Introduction to Gene Expression Analysis by Arrays - Prelab

For this prelab, read the material below and execute only the commands followed by an empty code cell.

I.1. Overview and Objectives

In this lab, we will introduce you to the analysis of gene expression data, as generated by microarrays. After this prelab and some in-class activities, you will:

Use R and the Bioconductor package to load libraries and tools required for the analysis of these data
Read data and files into R that you will need for analysis: CEL files, and phenotypes
Learn about several useful functions for viewing data: hist(), image(), boxplot()

For those also interested, we include a couple of optional features which may be of interest:

Visualize results of analysis via a Quantile-Quantile (QQ) plot.
Another 'nifty' functions: heatmap, volcano plots.

In the following prelab, we're going to walk through a range of commands (and motivatory details).

II. Brief review: Technology for Gene Expression Analysis

It turns out that there are a wide range of technologies used to assay gene expression in the genome.

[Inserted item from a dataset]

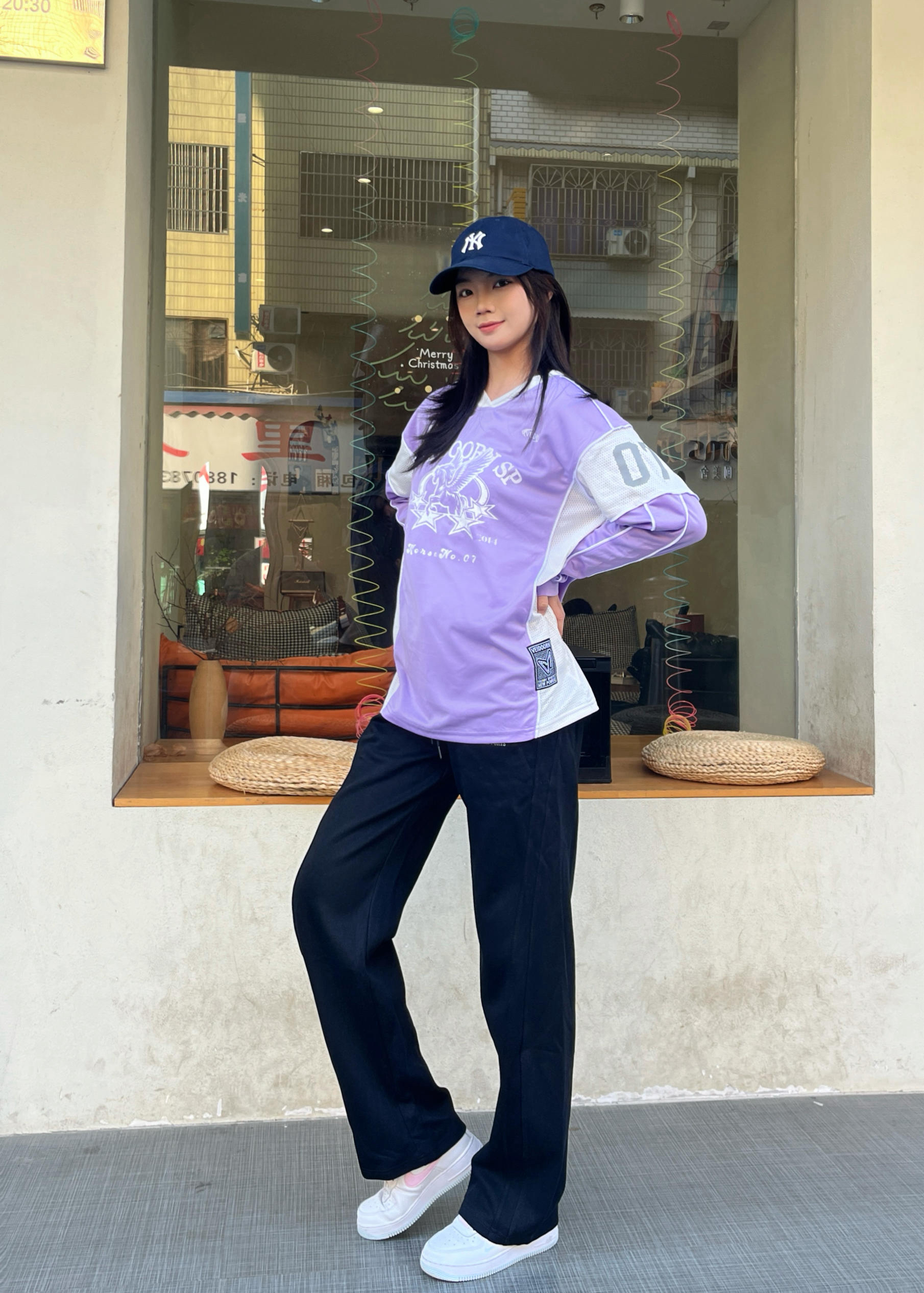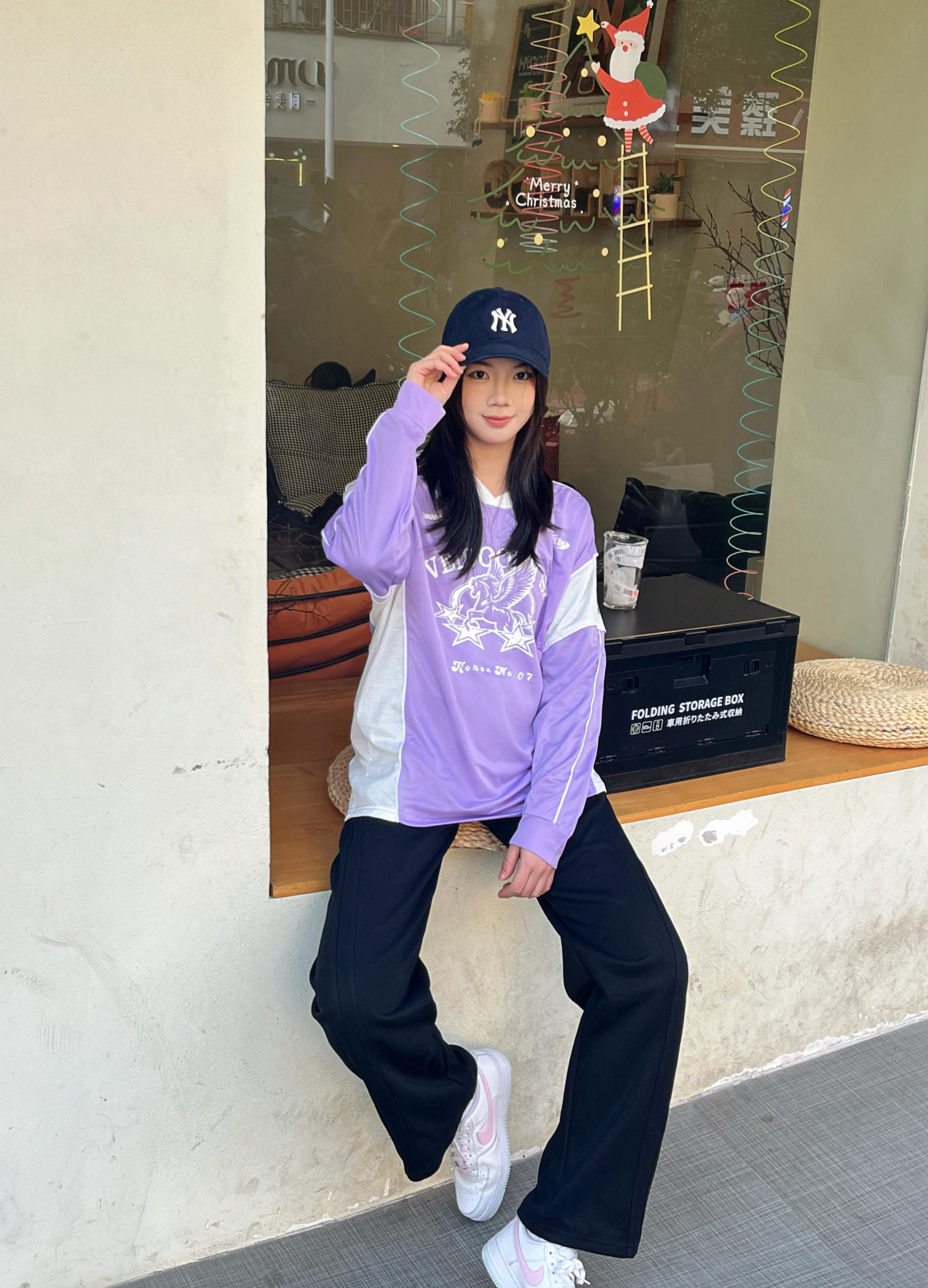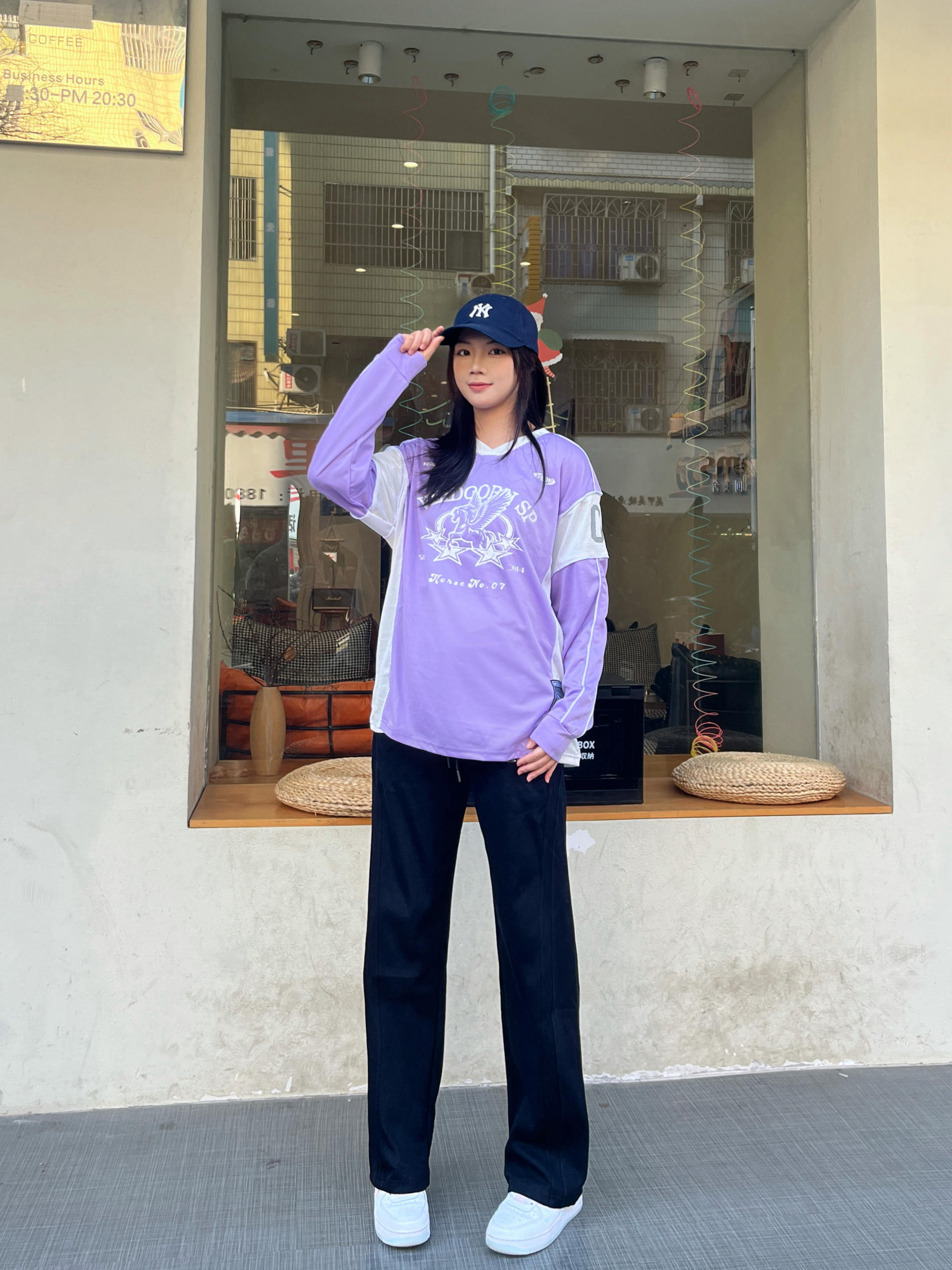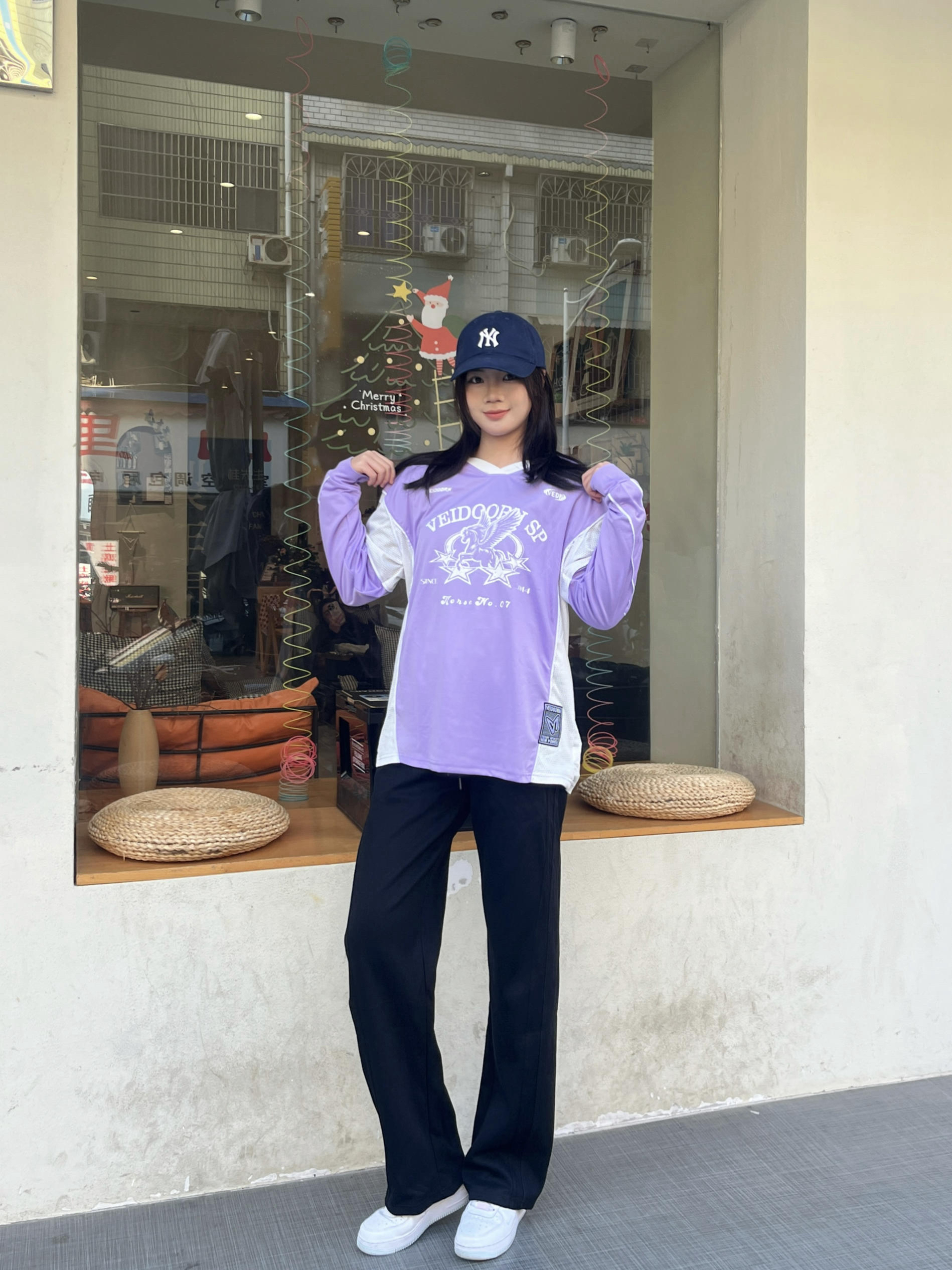 淡紫长袖撞白设计超吸睛,搭配黑阔腿裤利落又随性,小白鞋+棒球帽拉满街头休闲感,慵懒范拿捏~

A short review of the types of microarray technologies are given in the first part of a paper by Miller and Tang (2009). (see paper in Canvas)

But not only do the types of technology used to assay gene expression differ, the types of transcripts that are assayed by a given microarray will also differ:

One might want to use a small collection of probes to query all transcripts.
Or, probes for every exon in all transcripts.
Or alternatively still, only a subset of all transcripts (ie. 'onco-chips' which select only cancer-related oncogenes or tumor supressor genes).
And finally, the probes one designs for a mouse will be different for that for humans.

__It is important you know what type of array experiment design you are performing, or analyzing__. Specifically, this has importantly implications for pathway enrichment analysis. But more practically, you need to be aware of what annotation files to use, for later analyses.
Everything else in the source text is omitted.